La huelga colapsa el Estado francés

París. Los sindicatos franceses consiguieron una movilización masiva de los trabajadores en contra de la reforma de los regímenes especiales de jubilación planteado por el Gobierno de François Fillon y lograron alterar seriamente la red de transporte público, que hoy se verá todavía afectado tras la decisión de varias federaciones de prorrogar la jornada de huelga.

En París y otras 27 grandes ciudades del Estado, como Toulouse, Burdeos y Marsella, miles de manifestantes recorrieron las calles en una protesta que fue más allá de la reivindicación inicial y supone una seria advertencia al presidente Nicolas Sarkozy, principal artífice del abanico de reformas.

Según las cifras manejadas por los sindicatos, unas 300.000 personas se manifestaron en el Estado, y sólo en París se movilizaron 25.000.

La sociedad nacional de transportes por ferrocarril (SNCF) y la Red de Cercanías y Metro de París (RATP) registraron niveles record de participación con un 73,5 % de huelguistas, más que el 67 % alcanzado durante el conflicto que vivió el Estado francés en 1995 y que los sindicatos se habían marcado como referente.

Otra cifra significativa es que en la eléctrica EDF la huelga tuvo un seguimiento del 51,9 %. En la función pública el porcentaje se redujo al 8 %, y al 20% en el Ministerio de Economía.

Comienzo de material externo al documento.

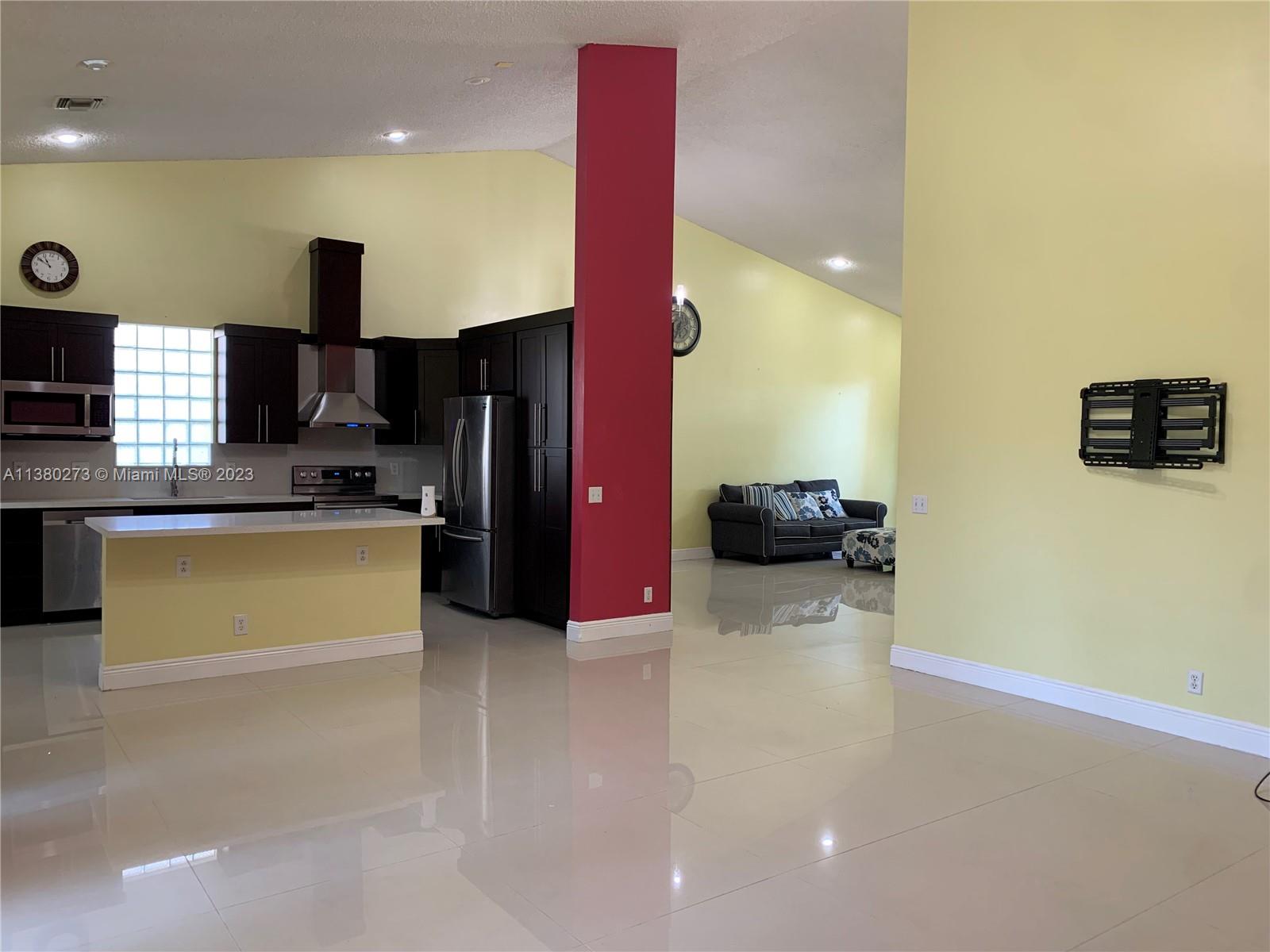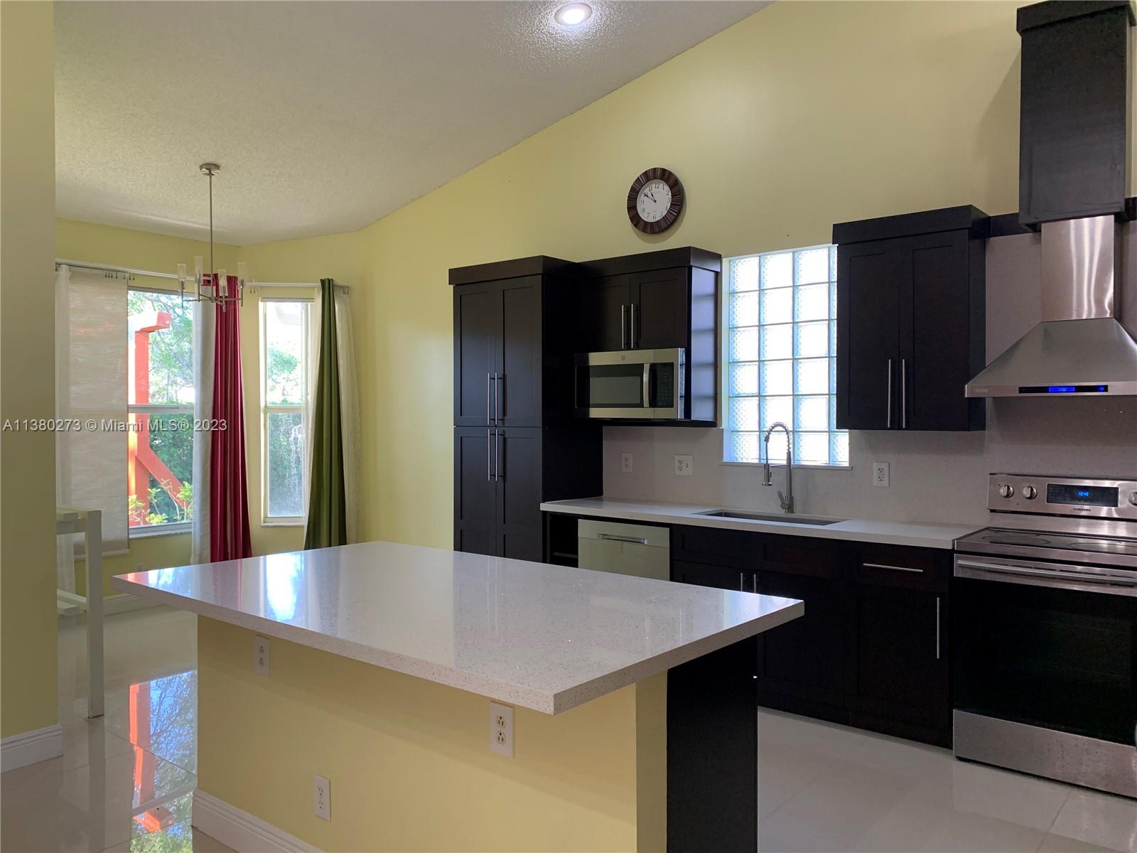 Well-maintained and Spacious home is an ideal choice for anyone. Boasts four bedrooms, 2.5 bathrooms with high ceilings, along with a generous living area that's perfect for hosting guests. Recently renovated kitchen features stainless steel appliances and includes an eat-in area, while an additional dining area and living room provide additional space for relaxation and entertainment. Master bedroom is massive, offering a large walk-in closet, two sinks with cabinet storage, and enclosed shower. Backyard overlooks a beautiful lake with a fountain and features a swing for ultimate relaxation. 2016 roof, accordion shutters, wiring for an alarm system, two car garage, parking for three cars in driveway. $100K+ in upgrades. Low HOA, Close to Shopping Centers, Top-rated schools nearby.

En 1995, el intento del Gobierno de Alain Juppé de modificar este sistema de pensiones hundió al Estado en tres semanas de parálisis histórica de los transportes públicos sin que la fuerza sindical se debilitara un ápice ni la opinión pública les diera la espalda.

El secretario general de la federación ferroviaria de la CGT, Didier Le Reste, dijo ayer que los trabajadores esperan un «mensaje» del Gobierno, que se tendrá en cuenta a la hora de decidir si se continúa o no la huelga.

La misma federación de Fuerza Obrera (FO) advirtió al Gobierno de los riesgos de un conflicto en la SNCF y CGT pidió al ministro de Trabajo que «pare la reforma en 15 días» porque no se puede «decretar» de manera «unilateral» una disminución de las pensiones de entre un 20 y un 25%.

París aseguró que «escuchará» los temores y las preocupaciones de los sindicatos, pero que mantendrá su determinación y «no cederá», según el portavoz del Ejecutivo, Laurent Wauquiez.

Mientras los manifestantes recorrían las calles en contra de la política social de Sarkozy, el Elíseo anunciaba el divorcio de Nicolas y Cecilia Sarkozy, una coincidencia que no ha pasado desapercibida para los sindicatos y los partidos de izquierda, que lo interpretaron como una forma de mitigar los efectos de la protesta.